*What you are asked to do*: Transcribe exactly the lines below that begin at the line with "A schema rowset for" and stop after the line with "Invitación de cumpleaños", leaving out every picture.
--------------------
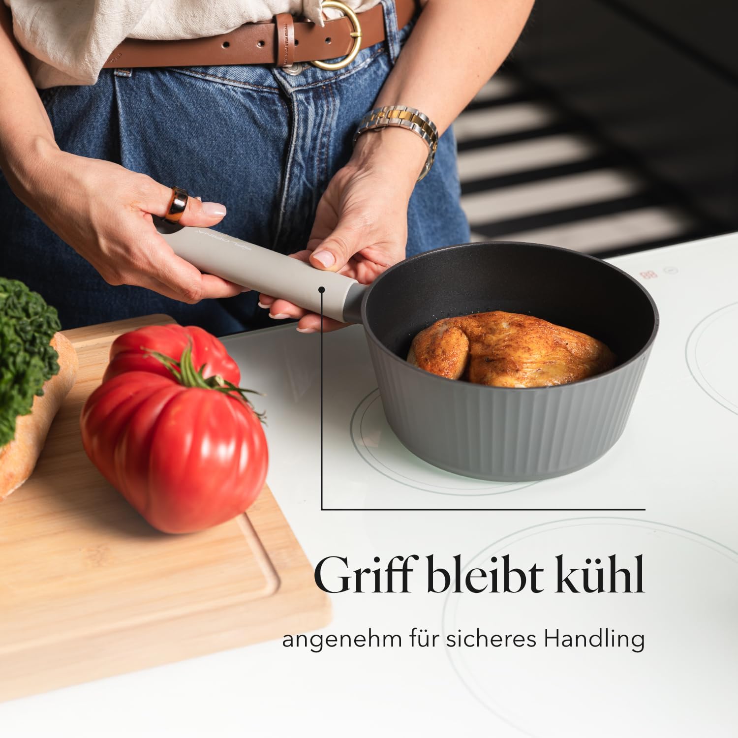 - SICHERER GRIFF: Topf und Deckel haben hellgraue Bakelitgriffe, die zusätzlich mit Soft-Touch-Material beschichtet sind. Dadurch liegen sie perfekt in der Hand und werden beim Gebrauch nicht heiss.
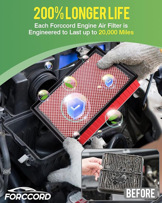 - 【 200% Longer Life】 Compare with Standard air filter, we adopts advanced HV filter paper with higher filtering precision, to absorb 99.9% of impurities (hair,fines,dust and flocs etc.).For the service life, each engine air filters are engineered to last up to 20,000 miles, 200% longer than the standard performance, less replacement.
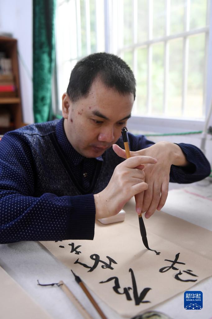 11月24日,在都安瑤族自治縣大興鎮九頓村那內屯家里,王金寶在練習書(shū)法。
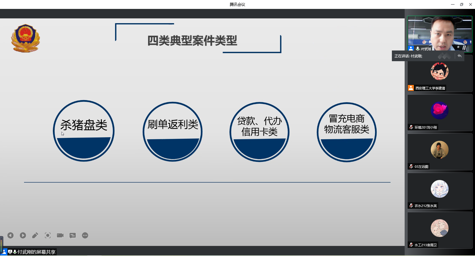 为增强学院学生对各类诈骗方式的鉴别能力和自我安全防范意识,防止奖、助学金被骗事件的发生。5月27日,PA集团官方网站邀请宝鸡市扶风县刑事侦查大队中队长付武刚警官,通过线上腾讯会议的方式开展“诚信感恩 励志成才”防诈骗安全教育主题讲座。
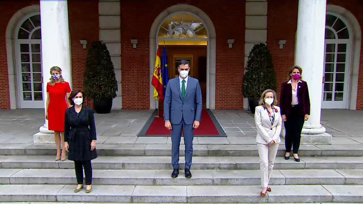 De esta forma, las cuatro vicepresidentas del Gobierno pasan a ser mujeres, algo que Pedro Sánchez ha destacado, dejando claro que su Ejecutivo es el sexto que tiene mayor proporción de mujeres y el cuarto dentro de la Unión Europea.
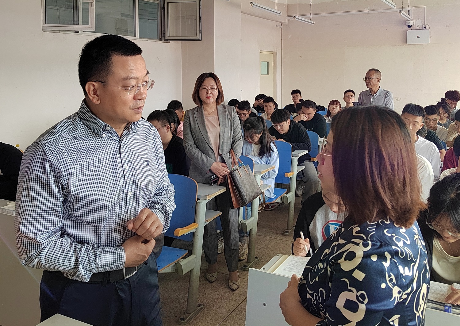 上午8点,赵水民来到博雅楼,分别与2021级设施农业科学与工程一班、2021级运动康复一班的同学们共同聆听了韩志平老师主讲的《农业设施设计与建造》课程、王海老师主讲的《运动康复治疗技术》课程。课后,赵水民与任课教师进行交流,对课堂效果给予肯定,并询问了解他们的教学、科研工作情况。他指出,教学的主阵地在课堂,提高课堂教学质量的关键在教师,要不断更新教育理念,精心设计课程计划,着力改进课堂教学方式方法,充分调动学生参与课堂教学的积极性,在教与学的互动中实现教学目的。在狠抓课堂教学的同时,要结合省情、市情、校情和学生实际加强实践教学,让学生们走进田间地头、厂矿企业、街头巷尾,在广阔的天地中进行丰富的实践学习,持续擦亮学校人才培养的应用型底色。
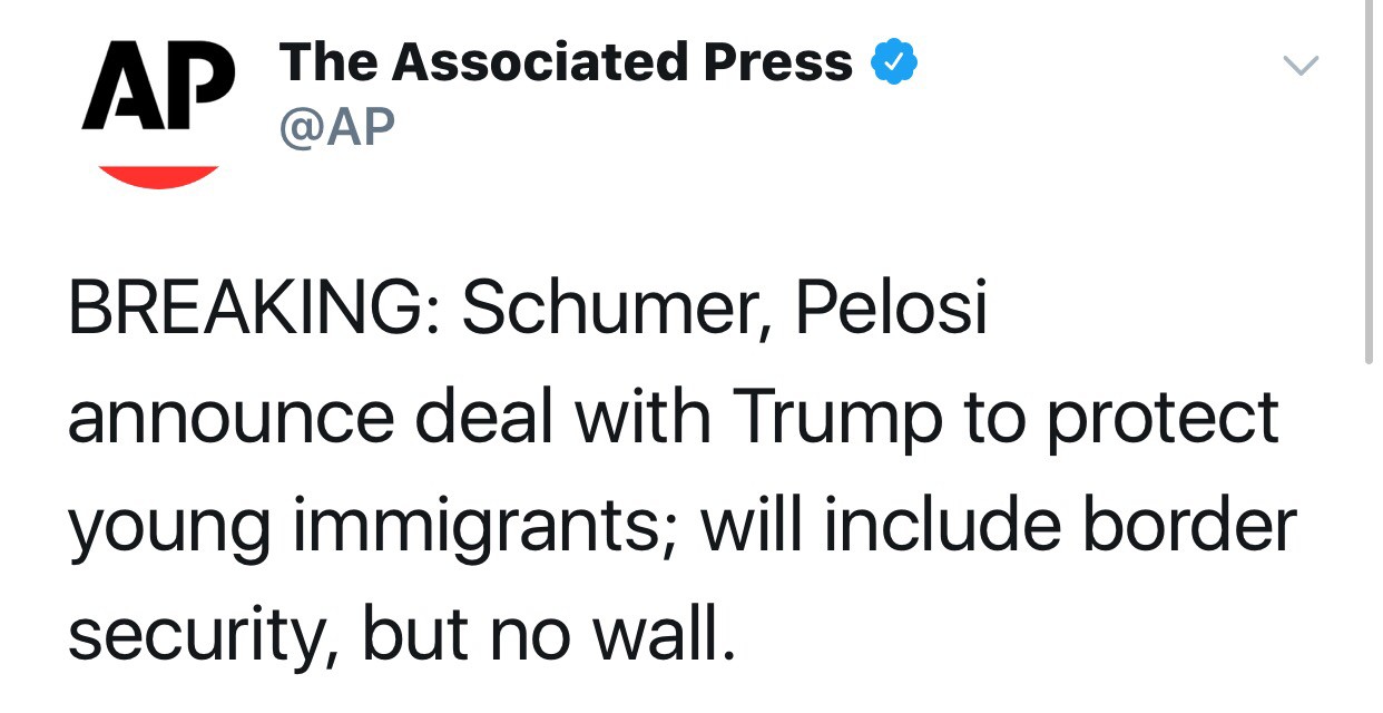 “We agreed to enshrine the protections of DACA into law quickly, and to work out a package of border security, excluding the wall, that’s acceptable to both sides,” ~ Senate Minority Leader Chuck Schumer and House Democratic Leader Nancy Pelosi
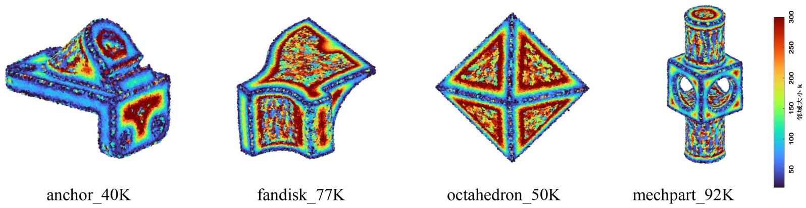 1) 在包含棱边、角点等尖锐特征的区域,大尺度邻域会跨越多个曲面,导致局部平面拟合出现偏差并造成特征平滑,因此这类区域需要较小的邻域。
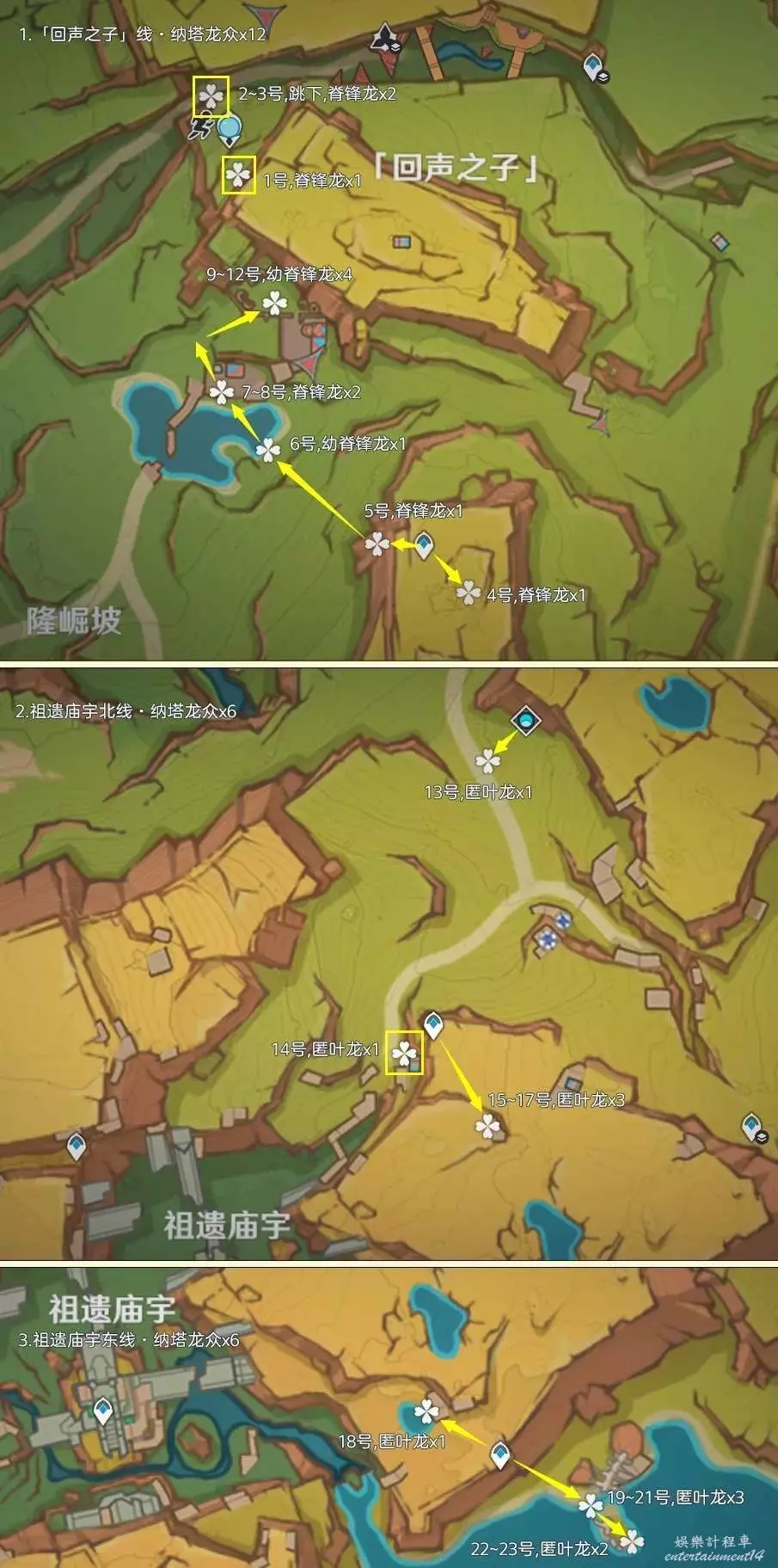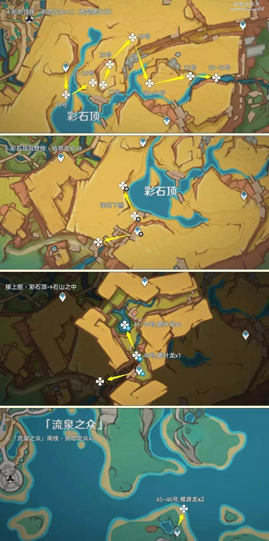 納塔龍眾目前只分佈在納塔5.0版本更新的地圖中,只挑高效率點位,總共有101只,後續有點位更新會繼續新增進來;
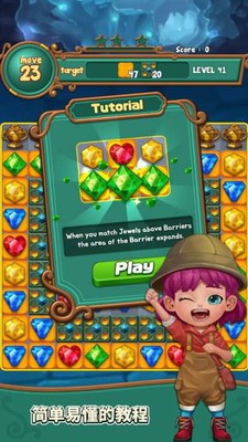 《珠宝冒险》作为一款风靡全球的休闲消除游戏,凭借其独特的宝石碰撞机制与绚丽视觉效果,为玩家打造了一场指尖上的奇幻旅程。游戏以五色宝石为核心元素,通过滑动屏幕实现三消连击,触发连锁爆破特效,搭配精心设计的背景音乐,让每一次消除都成为释放压力的绝佳体验。
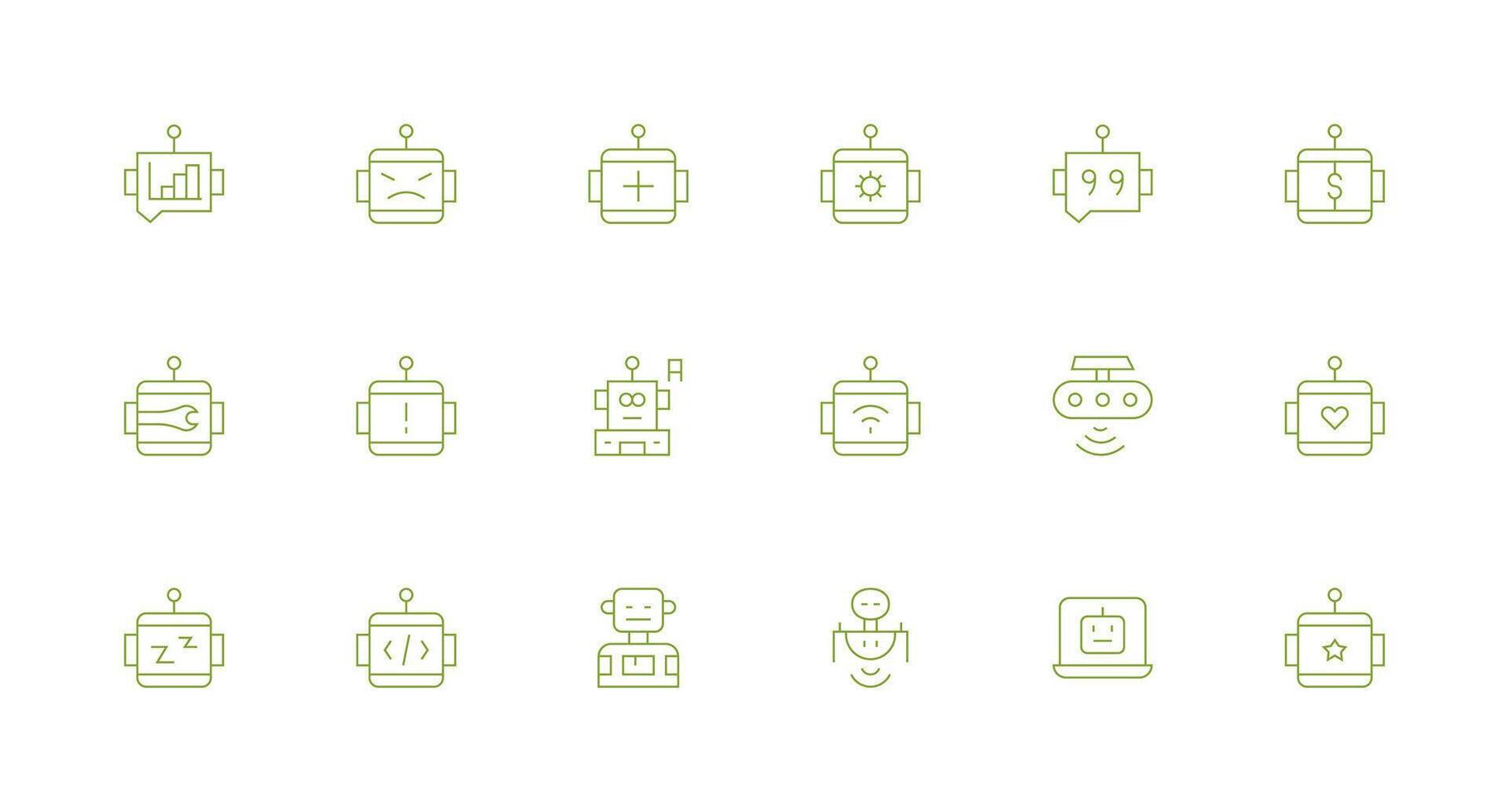 18 Minimal Line Designs for Robot Icons Essential Icons for Rapid UI Building vector
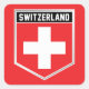 Die Nationalflagge der Schweiz ist in eine Schildform eingegossen, die auch das Set des Landesnamens über der Fahne hat.
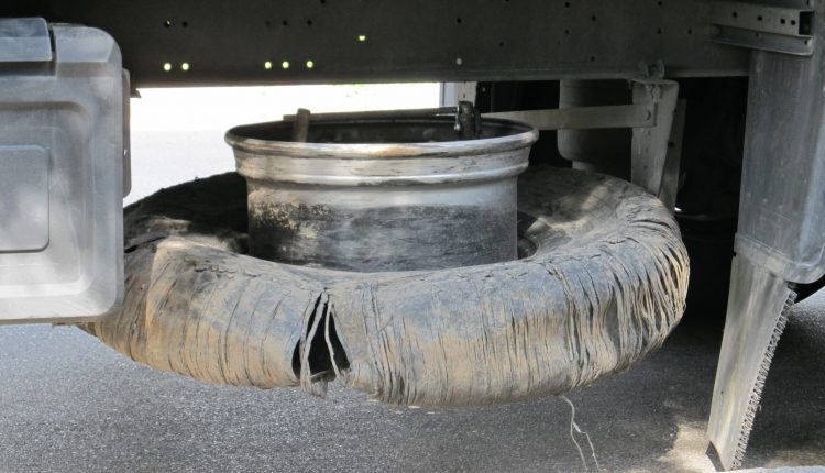 Am Auflieger waren die Bremsbeläge der drei Achsen dermaßen verschlissen, dass bereits Metall auf Metall gerieben hat. Die vordere Stoßstange war abgebrochen und nur notdürftig befestigt und beide Reifen der Vorderachse des Lkw waren rundum ohne Profil.
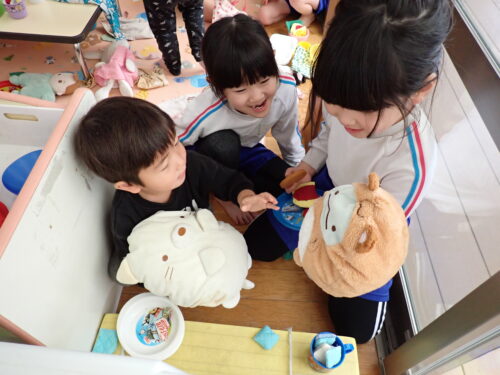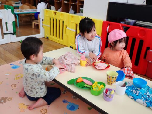 お兄さんお姉さんと一緒におままごとを楽しむ姿も
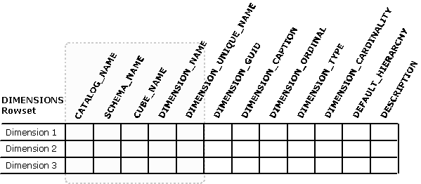 A schema rowset for a given metadata object has one row for every instance of that object present in the schema. For example, if there are five cubes available in the schema, the CUBES rowset has five rows. Each column of a schema rowset provides one piece of information about that object. As shown in the following table, the CUBES rowset has 11 columns, each of which provides a different piece of information about the cube.
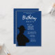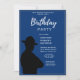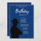 Invitación de cumpleaños azul y oro para un patrono de autopista. El diseño tiene una silueta de un soldado de estado.Agregue su mensaje personalizado y otros detalles importantes a su invitación.
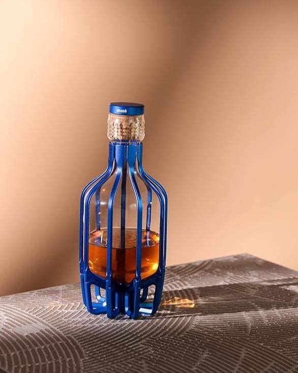 ou know the hosting game is won when guests sneak covert glances at your barware. Heck, everyone has a whisky decanter, but how about one that combines theatrical appeal with functional efficiency? Hand-blown, lead-free crystal glass forms the bold contours of the decanter. The unique conical base is complete only with its sturdy fins preventing your whisky from straying. A cork stopper perfectly fits into the neck, while the metal finish atop it adds to the contrasting appeal against clear glass. The weight-balance mechanism allows the decanter to seamlessly enter and exit the cage with synchronous movement. With its anodized gold finish, the sturdy aluminium base and fins are crafted for futuristic appeal. We’ve found the sweet spot between smooth edges and riveted contours.
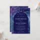 Apresentando o convite para o casamento "Celine", com um design celestial impressionante com um arco moderno. O fundo azul e púrpura de aquarela imita a beleza de um céu noturno estrelado, enquanto o layout arquitetado adiciona uma reviravolta contemporânea. Estrelas são espalhadas pela carta, criando uma vibração cósmica, mágica perfeita para casamentos à noite ou ao ar livre. Esse convite combina elegância do eterno com uma estética sonhadora, etérea, fazer ideal para casais que buscam um tema celeste ou cósmico. Os recursos traseiros, a noiva personalizada elegante e o monograma do noivo. Personalize-o com seus detalhes de casamento para criar um convite que é realmente único e bonito!
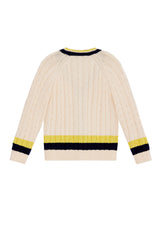 Wrap your little gentleman in warmth and style with our Charles Cardigan. This knit cardigan features striped details, adding a touch of charm to any outfit. Perfect for layering on chilly days, it's a must-have for every dapper young man's wardrobe.
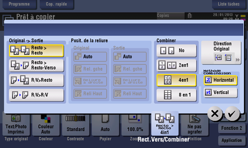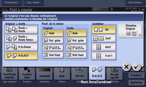 [Original > Sortie] | Sélectionnez une combinaison de l'original à charger (original recto ou original R/V) et la méthode de copie (copie recto ou copie R/V). Si vous avez sélectionné une option autre que [Recto>Recto], spécifiez également [Posit. de la reliure] et [Direction Original]. | |
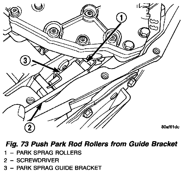 11. Remove park rod rollers from guide bracket and remove valve body from transaxle (Fig. 73) (Fig. 74).
--------------------
*Response*:
 A schema rowset for a given metadata object has one row for every instance of that object present in the schema. For example, if there are five cubes available in the schema, the CUBES rowset has five rows. Each column of a schema rowset provides one piece of information about that object. As shown in the following table, the CUBES rowset has 11 columns, each of which provides a different piece of information about the cube.
 Invitación de cumpleaños azul y oro para un patrono de autopista. El diseño tiene una silueta de un soldado de estado.Agregue su mensaje personalizado y otros detalles importantes a su invitación.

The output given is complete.